Turning Points

In late January, it took 3 weeks of trading for the S&P index to rise up 5% from a brief drop at 1270 to its mid-February peak of 1340. (Shown above and below is a chart of an ETF, SPY, that tracks the index – ETF prices are 1/10th of the index) After the Japan tsunami, the index once again touched that 1270 low before rising up again to that 1340 level.  That upward move again took 3 weeks.  This past week the index again rose from the 1270 low to the same 1340 level in ONE week.

A 5% upward move in a broad index in one week is dramatic.  When did we last see such a dramatic move?  In early July of last year, the index rose about the same amount.

Since 2000, the history of these abrupt upward moves reveals that they come in two varieties:  the first is an underlying argument about the long term health of our economy and corporate profits; the second are crises. (Click to show larger graph in a separate tab)

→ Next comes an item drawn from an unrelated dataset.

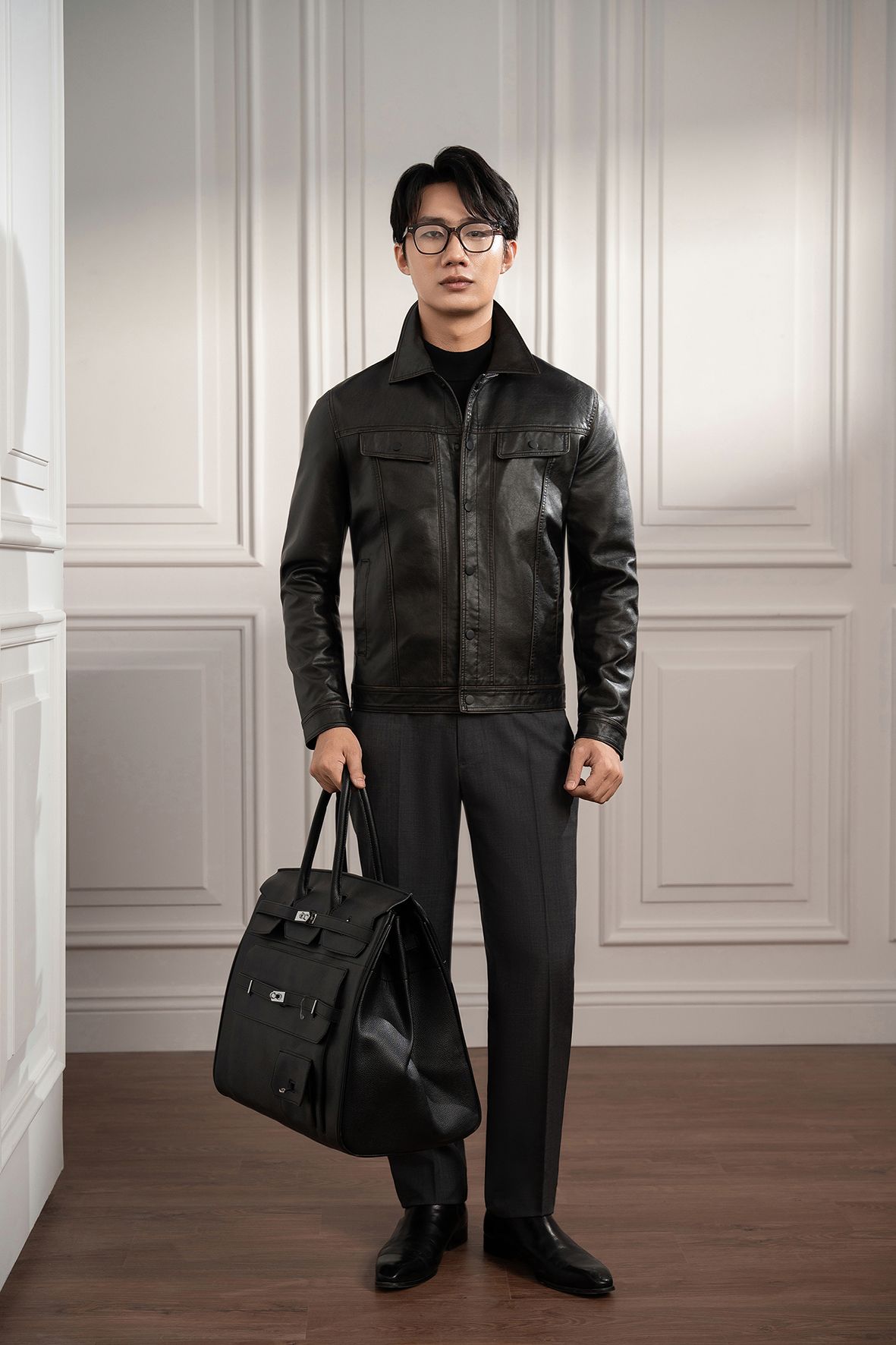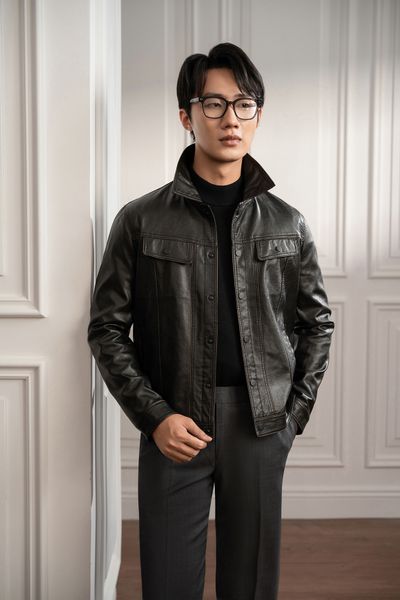 Áo khoác đen da - AK063D

There were several closely clustered sharp upward moves in the spring of 2000 as the long bull market of the 1990s was coming to a close.  After 9/11 the market rose sharply in a week after crashing the week before.  In the last half of 2002 there were two such abrupt moves as early hopes that the country could pull out of recession were dashed in the first two moves.  The final move up in late March 2003 marked the beginning of the 5 year bull market of the 2000s.  Not until February 2008 did we see another weekly surge, shortly after the recession began in December 2007.  The next event occurred in October 2008 during the ongoing financial crisis when there was a sudden rise in prices following a breathtaking 20% decline the previous week as equity holders ran for cover after the financial crisis exploded.  For the next several months in late 2008 and early 2009, we had five steep upward price moves as buyers and sellers scrambled for safety or bargains.  Three more spikes occurred in March, April and July of that year as the country pulled its way up from the depths of the financial mudpit.

After the July 4th holiday in 2010, the market rose steeply, canceling out the abrupt drop of the week before.  This past week, 51 weeks after the spike of 2010, the index spiked again, canceling out not a week’s worth of decline but a month of gradual decline.

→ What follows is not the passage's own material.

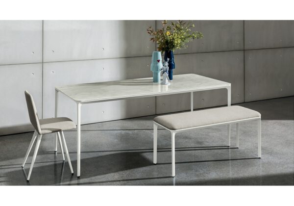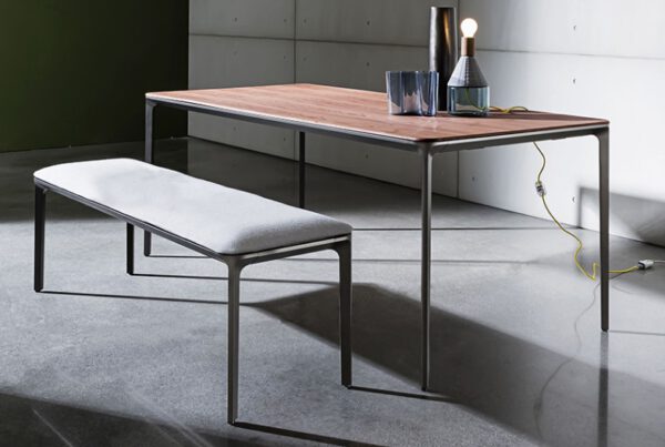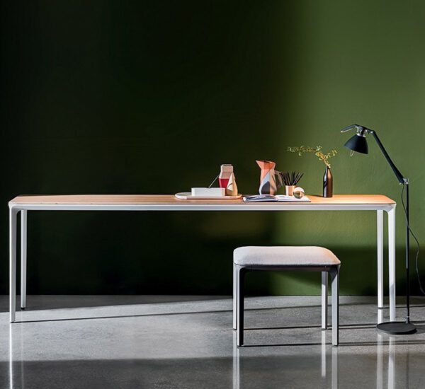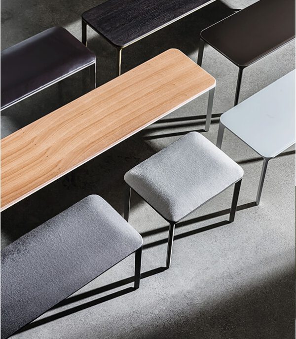Slim ist eine Bank, die von Matthias Demacker für Sovet . Er hat Beine aus verchromtem oder lackiertem Aluminiumdruckguss, verschiedene Ausführungen und eine Struktur mit eloxiertem oder lackiertem Aluminiumprofil, verschiedene Ausführungen. Sitz aus Holz oder gepolstert mit KVADRAT-Stoff, Leder, Kunstleder oder Nabuk-Kunstleder.

Does this past week’s surge mark the beginning of a third leg up in the 2 year old bull market or a fakeout “relief rally” by buyers hopeful that the economy’s growth is not faltering?  Why have 3 of these price surges happened around the July 4th holiday? 

The end of June marks the end of the 2nd quarter.  Many traders have taken an early holiday.  The market is left to retail investors, you and me, and fund managers adjusting their holdings before the end of the quarter, when they publish their holdings.  After eight weeks of steadily declining prices, retail investors may overreact to a few pieces of good news.  The delay of Greece’s default – it is only a delay – was the first piece of good news.  The Chicago Purchasing Manager’s Index and the monthly ISM manufacturing report, while not boffo, were encouraging to those hoping that the recent signs of a manufacturing slump were temporary.  This coming Wednesday’s ADP Employment report will give a sneak preview of the Labor Dept’s monthly Employment Report next Friday.  Also on Wednesday, the ISM Non-Manufacturing survey will take the pulse of the service sector of the economy.  If there are some positive surprises this week, then this could be the start of the third leg up in stock prices.  If there are negative surprises, watch out below…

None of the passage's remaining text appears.